▸ About this task
Exact reproduction of all the data is required, with pictures excluded.

▸ Data section
BEGIN

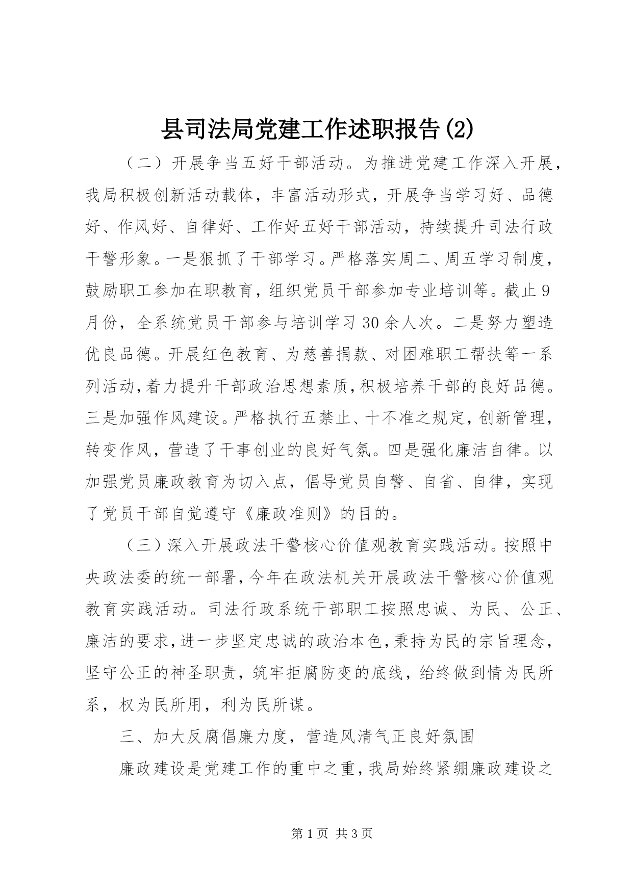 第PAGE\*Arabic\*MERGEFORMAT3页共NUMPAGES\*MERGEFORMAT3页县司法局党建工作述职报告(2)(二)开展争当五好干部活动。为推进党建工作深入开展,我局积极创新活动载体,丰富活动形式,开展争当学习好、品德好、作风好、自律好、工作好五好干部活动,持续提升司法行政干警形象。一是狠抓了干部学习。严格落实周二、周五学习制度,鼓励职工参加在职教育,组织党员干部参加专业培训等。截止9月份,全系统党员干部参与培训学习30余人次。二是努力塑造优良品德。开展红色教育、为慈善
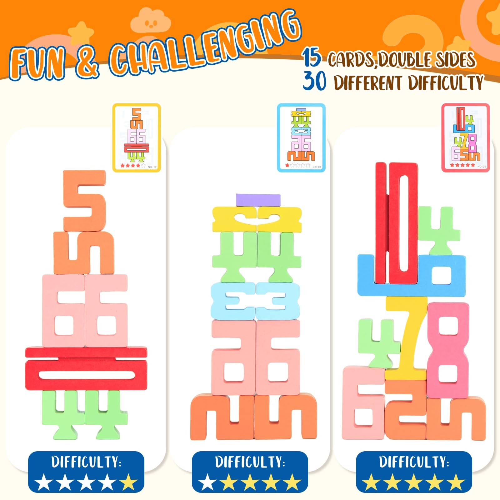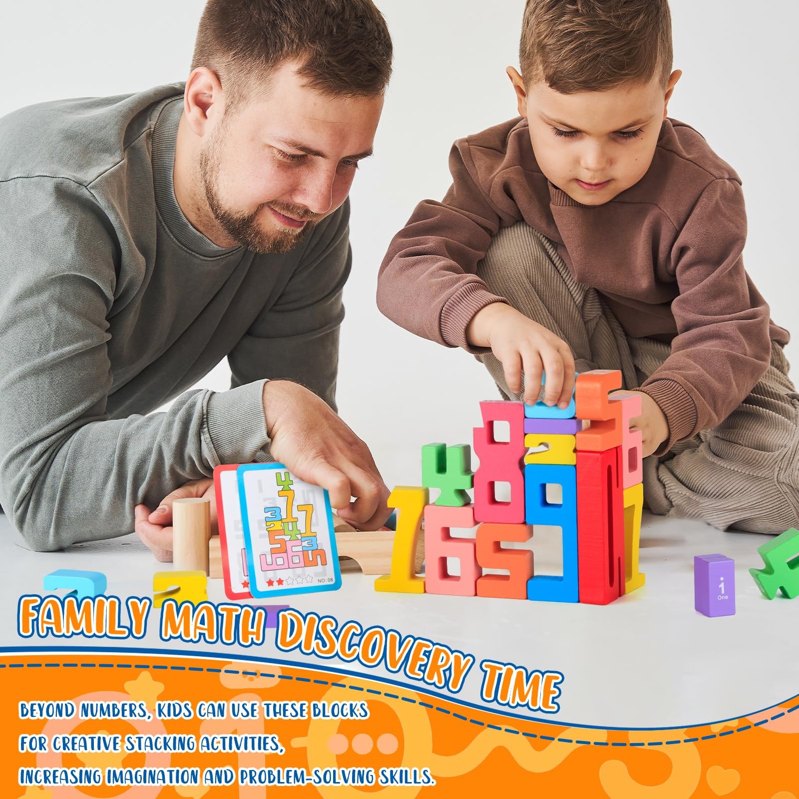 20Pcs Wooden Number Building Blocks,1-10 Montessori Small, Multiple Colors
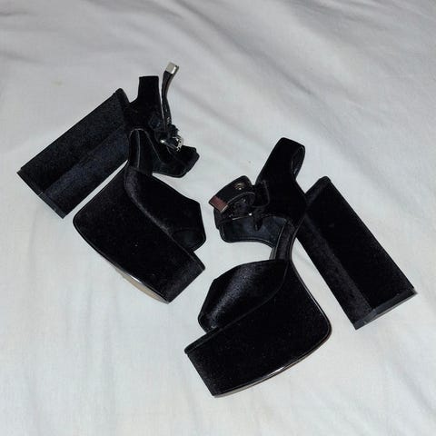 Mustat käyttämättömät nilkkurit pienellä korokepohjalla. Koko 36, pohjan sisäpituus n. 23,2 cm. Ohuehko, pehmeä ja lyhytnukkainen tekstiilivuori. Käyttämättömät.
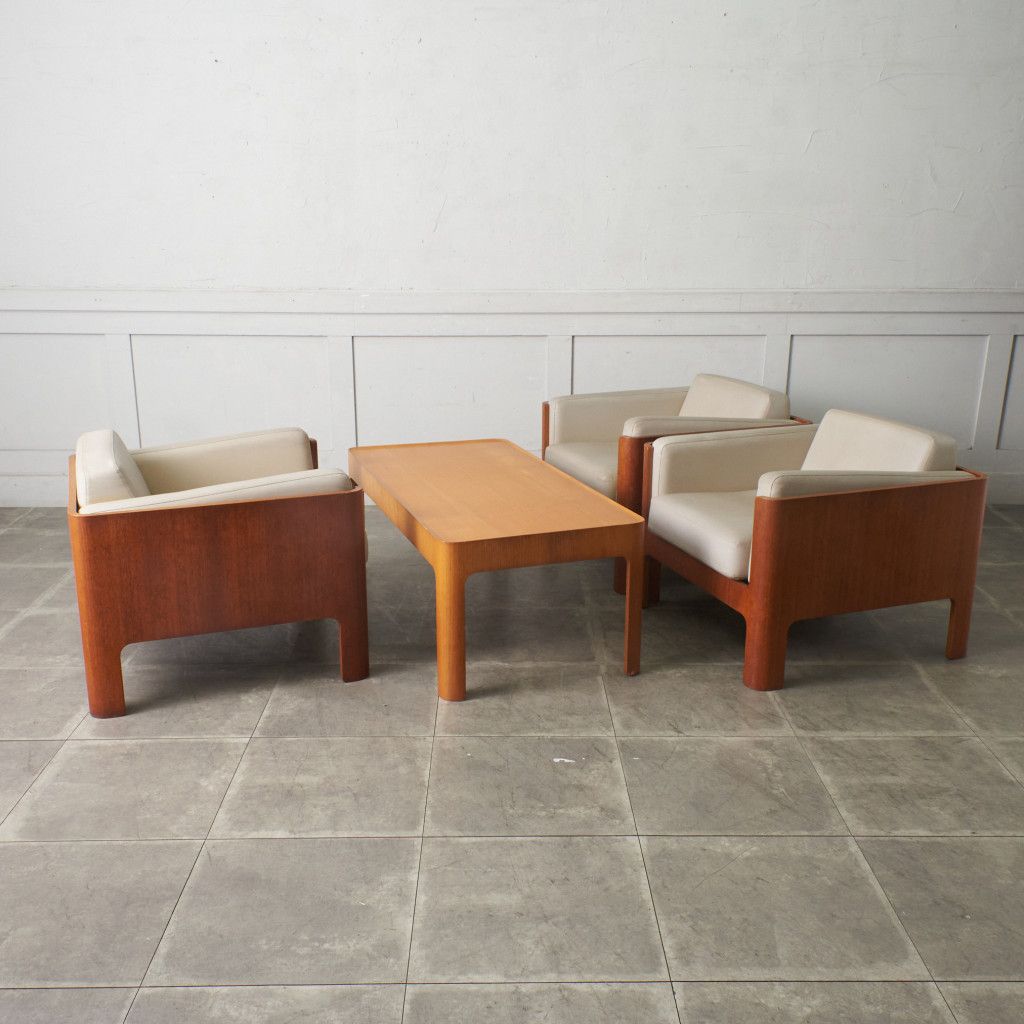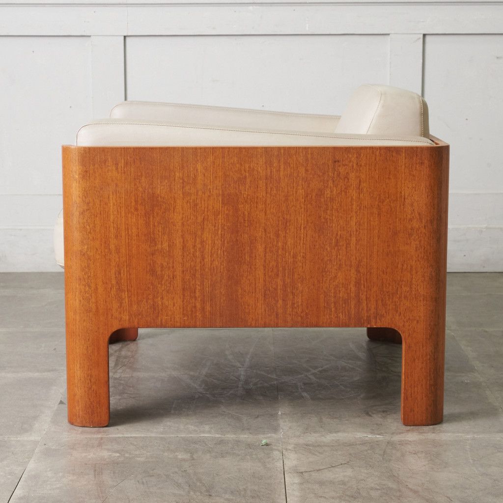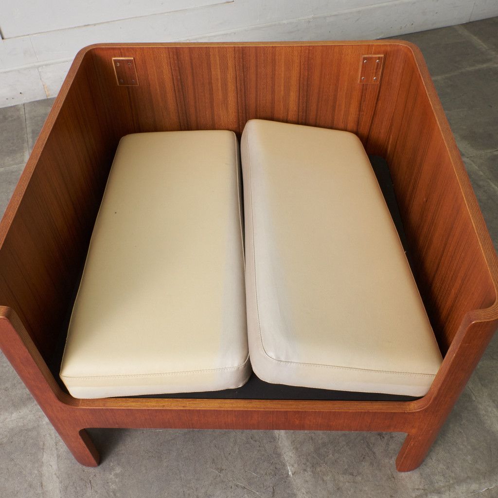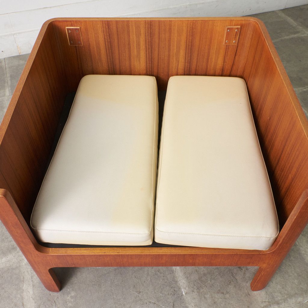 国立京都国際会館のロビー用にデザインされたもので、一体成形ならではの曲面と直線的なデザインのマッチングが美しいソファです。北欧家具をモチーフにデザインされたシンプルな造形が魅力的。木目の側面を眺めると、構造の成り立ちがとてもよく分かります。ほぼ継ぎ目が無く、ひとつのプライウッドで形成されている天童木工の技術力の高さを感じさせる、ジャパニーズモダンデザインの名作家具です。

END

▸ Answer space
 第PAGE\*Arabic\*MERGEFORMAT3页共NUMPAGES\*MERGEFORMAT3页县司法局党建工作述职报告(2)(二)开展争当五好干部活动。为推进党建工作深入开展,我局积极创新活动载体,丰富活动形式,开展争当学习好、品德好、作风好、自律好、工作好五好干部活动,持续提升司法行政干警形象。一是狠抓了干部学习。严格落实周二、周五学习制度,鼓励职工参加在职教育,组织党员干部参加专业培训等。截止9月份,全系统党员干部参与培训学习30余人次。二是努力塑造优良品德。开展红色教育、为慈善
 20Pcs Wooden Number Building Blocks,1-10 Montessori Small, Multiple Colors
 Mustat käyttämättömät nilkkurit pienellä korokepohjalla. Koko 36, pohjan sisäpituus n. 23,2 cm. Ohuehko, pehmeä ja lyhytnukkainen tekstiilivuori. Käyttämättömät.
 国立京都国際会館のロビー用にデザインされたもので、一体成形ならではの曲面と直線的なデザインのマッチングが美しいソファです。北欧家具をモチーフにデザインされたシンプルな造形が魅力的。木目の側面を眺めると、構造の成り立ちがとてもよく分かります。ほぼ継ぎ目が無く、ひとつのプライウッドで形成されている天童木工の技術力の高さを感じさせる、ジャパニーズモダンデザインの名作家具です。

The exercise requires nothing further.